Disambiguate from a different Richard Shusterman who was convicted of an investment fraud scheme.

Richard Shusterman is an American pragmatist philosopher. Known for his contributions to philosophical aesthetics and the emerging field of somaesthetics, currently he is the Dorothy F. Schmidt Eminent Scholar in the Humanities and Professor of Philosophy at Florida Atlantic University.

Richard Shusterman was born on December 3, 1949, to a Jewish family living in Philadelphia, USA. At the age 16 he left his home and went to Israel, where he continued his education, studying English and philosophy at the Hebrew University of Jerusalem. There he received a B.A. degree in English and Philosophy, and later an M.A. degree in philosophy (both degrees awarded magna cum laude). After teaching at different Israeli academic institutions, and receiving tenure at Ben-Gurion University of the Negev with an episode as a visiting fellow at St. John’s College, Oxford University during academic year 1984/85, Shusterman became an Associate Professor of Philosophy at Temple University, Philadelphia, USA in 1986. He was granted tenure in 1988 and promoted to full professor in 1991. He then served as chair of the philosophy department between the years of 1998–2004. In 2004 Richard Shusterman left Temple University to become the Dorothy F. Schmidt Eminent Scholar in the Humanities at Florida Atlantic University, Boca Raton, where he also holds the rank of Professor in the departments of Philosophy and English. Richard Shusterman has been married twice. From his first marriage in Israel, he has two sons and a daughter. He has one daughter from his second marriage, which ended in 2013.

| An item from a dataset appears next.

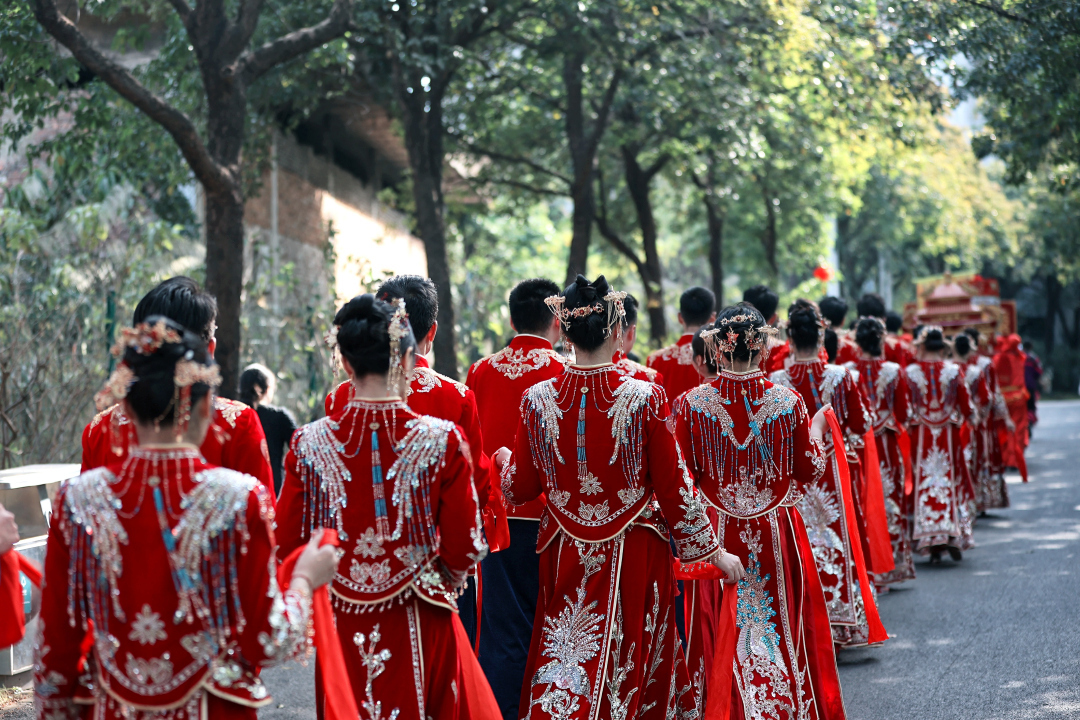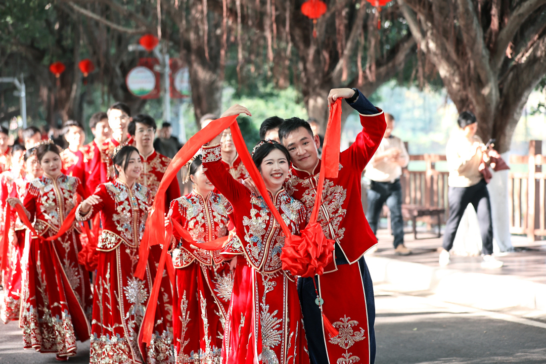 一世良缘天地久,百年好合岁华长。12月28日,广州花都湖国家湿地公园内,随处可见双“囍”拉旗、大红灯笼和红彩带,园林也按岭南传统婚俗披上红妆,30对新人的中式传统迎亲巡游队伍整装待发,活动现场庄重浪漫、仪式感满满。
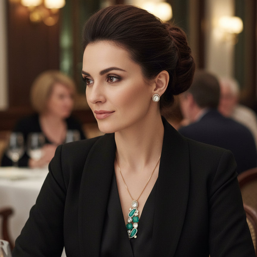 Add effortless elegance to your look with this gold-toned pendant necklace set featuring emerald-green stones and sparkling white crystals. Lightweight, modern, and perfect for festive, casual, and fusion outfits, this jewellery brings a refined pop of colour to any occasion.

During his years at the University of Jerusalem, Shusterman focused on analytic philosophy. The interest carried over with his doctoral dissertation at Oxford University; The Object of Literary Criticism which he wrote at St. John’s College under the supervision of J. O. Urmson and defended in 1979. It was published under the original title in 1984. 1988 saw the publication of Shusterman’s second book, T. S. Eliot and the Philosophy of Criticism, and with it came a turn in his philosophical focus as well. Influenced by the work that produced the book and personal experiences, Shusterman’s attention moved from analytic philosophy to pragmatism. He also began work to develop his own theory of pragmatist aesthetics; based on John Dewey’s aesthetics but augmented by the argumentative methods and tools of analytic philosophy. His third book published, Pragmatist Aesthetics in 1992, brought a big breakthrough in Shusterman’s academic career. The book’s original approach to the problems of definition of art, organic wholes, interpretation, popular art, and the ethics of taste brought him international fame as the book was translated into 14 languages and several editions were published. Shusterman’s position was further strengthened by three subsequent publications: Practicing Philosophy in 1997, Performing Live in 2000, and Surface and Depth in 2002; in which he continued the pragmatist tradition, raising significant interest, provoking numerous critiques and stimulating debates not only among professional philosophers, but in the areas of literary and cultural studies as well. In Practicing Philosophy, Shusterman introduces his concept of ‘somaesthetics’, which he elaborates in greater detail in Performing Live. Somaesthetics is the focus of Shusterman’s two subsequent books, Body Consciousness: A Philosophy of Mindfulness and Somaesthetics (2008) and Thinking through the Body: Essays in Somaesthetics (2012). The first of these books, translated into seven languages, helped establish somaesthetics as an international, interdisciplinary project involving scholars from fields beyond philosophy, while the second book consolidated this movement toward the interdisciplinary approach by applying somaesthetics to various arts, and cultural practices.